PROBLEM STATEMENT: Leaving out every picture, quote the data below exactly as it appears.

DATA EXCERPT:
◇ ◇ ◇ ◇ ◇ ◇ ◇

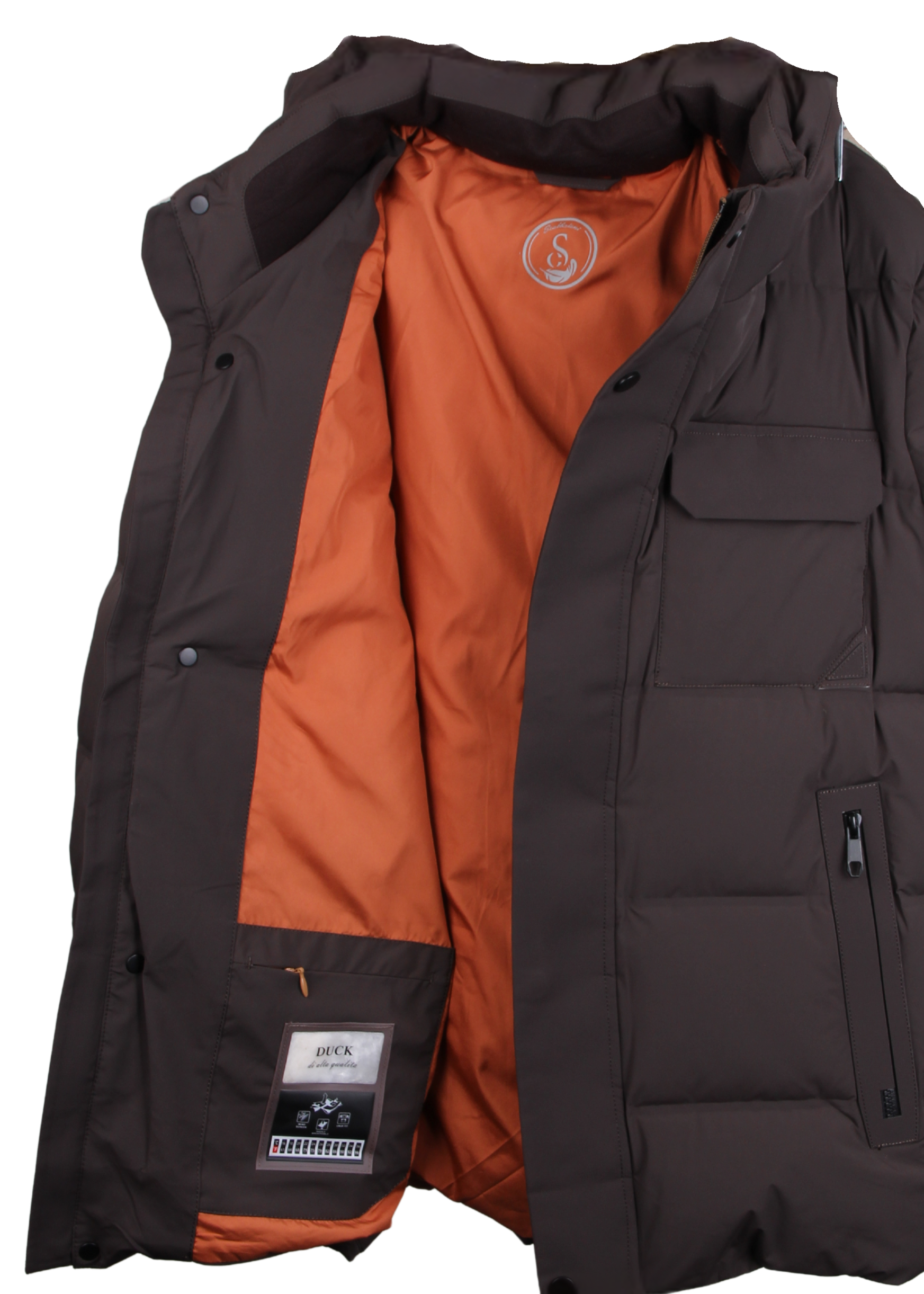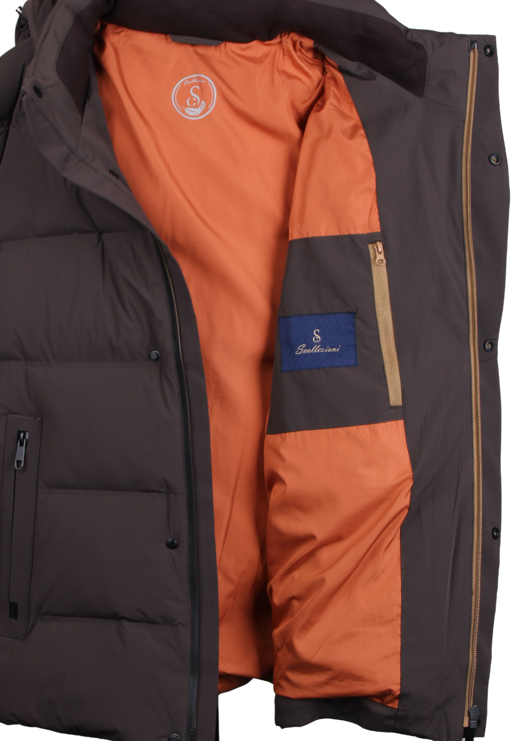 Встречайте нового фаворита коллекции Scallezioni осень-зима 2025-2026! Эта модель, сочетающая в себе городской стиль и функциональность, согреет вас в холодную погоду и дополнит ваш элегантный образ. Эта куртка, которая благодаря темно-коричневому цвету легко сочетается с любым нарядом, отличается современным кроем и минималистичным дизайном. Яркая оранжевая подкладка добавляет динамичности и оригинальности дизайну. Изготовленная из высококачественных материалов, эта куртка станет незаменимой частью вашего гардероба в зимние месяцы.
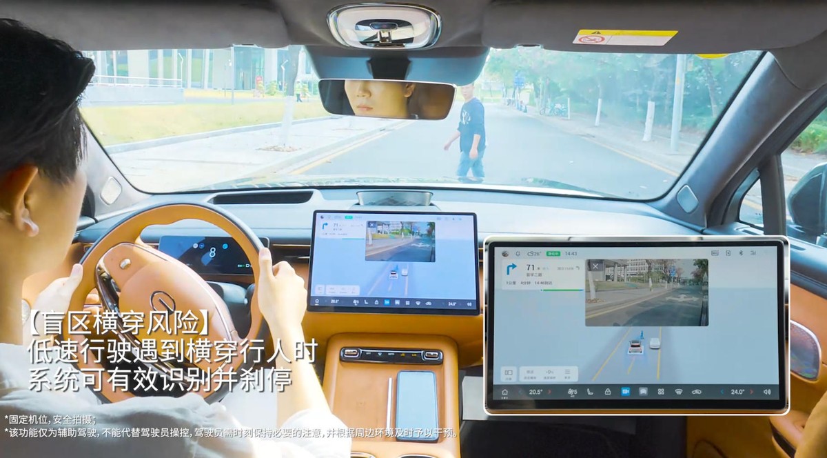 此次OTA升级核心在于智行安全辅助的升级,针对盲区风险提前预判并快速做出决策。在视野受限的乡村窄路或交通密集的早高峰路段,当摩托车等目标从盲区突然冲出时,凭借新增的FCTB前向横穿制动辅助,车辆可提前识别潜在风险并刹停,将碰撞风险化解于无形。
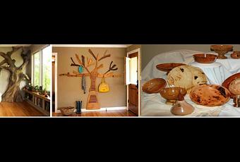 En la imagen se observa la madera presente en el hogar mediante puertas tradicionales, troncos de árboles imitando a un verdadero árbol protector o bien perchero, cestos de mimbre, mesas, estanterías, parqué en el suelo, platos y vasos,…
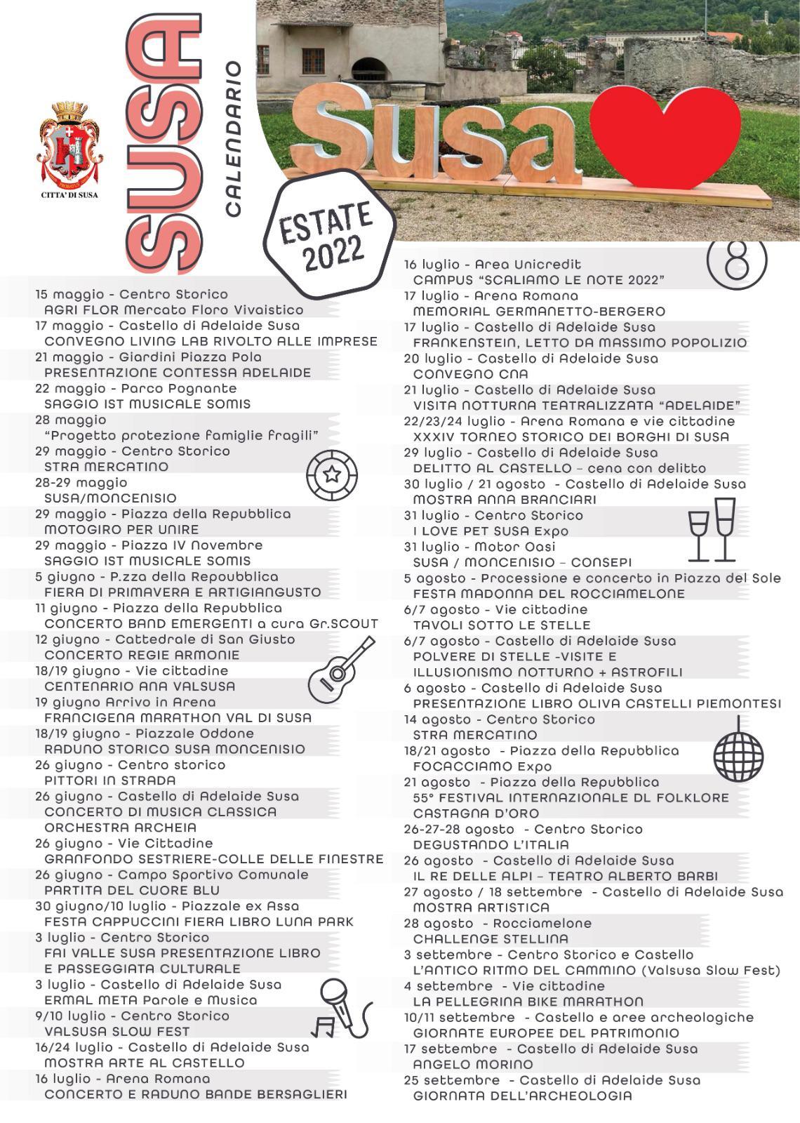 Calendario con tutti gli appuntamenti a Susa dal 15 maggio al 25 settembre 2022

◇ ◇ ◇ ◇ ◇ ◇ ◇

SOLUTION BELOW:
 Встречайте нового фаворита коллекции Scallezioni осень-зима 2025-2026! Эта модель, сочетающая в себе городской стиль и функциональность, согреет вас в холодную погоду и дополнит ваш элегантный образ. Эта куртка, которая благодаря темно-коричневому цвету легко сочетается с любым нарядом, отличается современным кроем и минималистичным дизайном. Яркая оранжевая подкладка добавляет динамичности и оригинальности дизайну. Изготовленная из высококачественных материалов, эта куртка станет незаменимой частью вашего гардероба в зимние месяцы.
 此次OTA升级核心在于智行安全辅助的升级,针对盲区风险提前预判并快速做出决策。在视野受限的乡村窄路或交通密集的早高峰路段,当摩托车等目标从盲区突然冲出时,凭借新增的FCTB前向横穿制动辅助,车辆可提前识别潜在风险并刹停,将碰撞风险化解于无形。
 En la imagen se observa la madera presente en el hogar mediante puertas tradicionales, troncos de árboles imitando a un verdadero árbol protector o bien perchero, cestos de mimbre, mesas, estanterías, parqué en el suelo, platos y vasos,…
 Calendario con tutti gli appuntamenti a Susa dal 15 maggio al 25 settembre 2022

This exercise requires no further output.